Join Haymarket for a discussion celebrating the release of Olivier Besancenot and Michael Löwy’s Marx in Paris, 1871.

This deeply informed, eminently enjoyable work of historical fiction places Karl Marx in the thick of the unprecedented events of the Paris Commune. In disguise, employing imperfect but serviceable French, Karl and his eldest daughter, Jenny, encounter and debate many important figures of the movement, including Léo Frankel, Eugène Varlin, Charles Longuet, Elisabeth Dmitrieff, and Louise Michel, eventually returning to England with a profoundly changed sense of political possibility. “This book adds to the tradition evolving since Marx and Lenin.

Remarkably accessible, it refreshes, provokes, and thereby develops that movement still further.” — Richard Wolff

“This fictional account is a remarkable piece of historical criticism and revolutionary imagination.” —Enzo Traverso

Speakers:

Michael Löwy is emeritus research director at the CNRS (National Center for Scientific Research). His books, including On Changing the World and The Politics of Combined and Uneven Development, have been translated into thirty languages.

Natalia Tylim is active in the NYC-DSA labor branch.
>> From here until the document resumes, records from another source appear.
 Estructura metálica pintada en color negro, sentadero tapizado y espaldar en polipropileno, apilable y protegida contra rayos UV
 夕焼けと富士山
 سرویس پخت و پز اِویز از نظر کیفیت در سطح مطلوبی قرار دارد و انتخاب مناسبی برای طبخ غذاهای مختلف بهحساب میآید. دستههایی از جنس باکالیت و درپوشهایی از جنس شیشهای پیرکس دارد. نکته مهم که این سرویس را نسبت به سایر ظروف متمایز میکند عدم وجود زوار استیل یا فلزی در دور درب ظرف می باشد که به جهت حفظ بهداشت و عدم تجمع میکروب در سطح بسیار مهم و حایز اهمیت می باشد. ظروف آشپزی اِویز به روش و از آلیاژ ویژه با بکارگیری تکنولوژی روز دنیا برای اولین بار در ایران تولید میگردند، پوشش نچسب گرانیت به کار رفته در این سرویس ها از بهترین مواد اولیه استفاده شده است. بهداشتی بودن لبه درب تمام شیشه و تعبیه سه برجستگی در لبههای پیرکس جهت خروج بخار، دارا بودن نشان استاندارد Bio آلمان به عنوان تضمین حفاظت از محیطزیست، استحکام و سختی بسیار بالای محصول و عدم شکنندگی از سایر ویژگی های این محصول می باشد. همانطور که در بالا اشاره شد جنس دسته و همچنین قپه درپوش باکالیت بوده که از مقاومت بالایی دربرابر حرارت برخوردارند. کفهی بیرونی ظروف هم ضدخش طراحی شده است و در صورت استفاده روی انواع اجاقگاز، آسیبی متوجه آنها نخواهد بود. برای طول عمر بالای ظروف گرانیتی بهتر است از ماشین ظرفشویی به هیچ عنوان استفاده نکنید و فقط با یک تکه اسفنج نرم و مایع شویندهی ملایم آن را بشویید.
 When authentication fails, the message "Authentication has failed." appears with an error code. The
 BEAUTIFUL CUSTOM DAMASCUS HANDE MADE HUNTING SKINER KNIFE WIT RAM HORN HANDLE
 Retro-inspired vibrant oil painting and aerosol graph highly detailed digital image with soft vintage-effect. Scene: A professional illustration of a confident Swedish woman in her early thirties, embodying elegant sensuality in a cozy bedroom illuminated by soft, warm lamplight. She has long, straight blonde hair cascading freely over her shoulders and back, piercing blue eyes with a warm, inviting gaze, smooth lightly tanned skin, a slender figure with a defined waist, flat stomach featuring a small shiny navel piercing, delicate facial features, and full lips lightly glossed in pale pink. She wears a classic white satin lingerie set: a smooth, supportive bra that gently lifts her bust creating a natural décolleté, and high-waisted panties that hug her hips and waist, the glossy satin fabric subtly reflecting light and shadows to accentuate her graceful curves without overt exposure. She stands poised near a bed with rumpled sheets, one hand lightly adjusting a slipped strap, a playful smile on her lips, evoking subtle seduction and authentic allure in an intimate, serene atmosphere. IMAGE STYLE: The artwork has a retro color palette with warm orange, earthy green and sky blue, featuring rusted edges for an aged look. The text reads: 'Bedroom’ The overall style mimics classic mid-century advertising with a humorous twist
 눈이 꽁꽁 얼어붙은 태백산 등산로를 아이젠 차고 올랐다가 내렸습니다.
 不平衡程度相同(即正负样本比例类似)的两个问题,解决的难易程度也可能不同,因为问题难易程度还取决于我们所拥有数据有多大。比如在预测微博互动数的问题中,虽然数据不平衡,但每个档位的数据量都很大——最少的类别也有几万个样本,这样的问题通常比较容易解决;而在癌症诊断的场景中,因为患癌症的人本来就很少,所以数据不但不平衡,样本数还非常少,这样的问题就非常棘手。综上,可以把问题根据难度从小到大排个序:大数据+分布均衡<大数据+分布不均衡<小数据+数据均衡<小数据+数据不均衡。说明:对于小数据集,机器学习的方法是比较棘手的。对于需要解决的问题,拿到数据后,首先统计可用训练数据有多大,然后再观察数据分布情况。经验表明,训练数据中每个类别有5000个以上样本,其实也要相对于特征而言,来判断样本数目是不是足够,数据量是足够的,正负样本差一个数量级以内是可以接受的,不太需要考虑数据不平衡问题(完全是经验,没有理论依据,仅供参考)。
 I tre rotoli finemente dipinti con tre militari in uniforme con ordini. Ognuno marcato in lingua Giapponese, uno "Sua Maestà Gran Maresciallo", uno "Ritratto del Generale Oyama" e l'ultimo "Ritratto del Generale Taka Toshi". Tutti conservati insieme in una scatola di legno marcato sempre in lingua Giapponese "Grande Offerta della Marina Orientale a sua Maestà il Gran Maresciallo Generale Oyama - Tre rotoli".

She’s a restaurant worker, a founding member of DSA’s Restaurant Organizing Project, and a member of the Tempest Collective.

Valerio Arcary is a professor at the Federal Institute of Education, Science and Technology in Brazil.

Todd Chretien (moderator) is an organizer, author, translator, and high school Spanish teacher. He has contributed to several books, including Socialist Strategy and Electoral Politics, and is editor of Eyewitnesses to the Russian Revolution.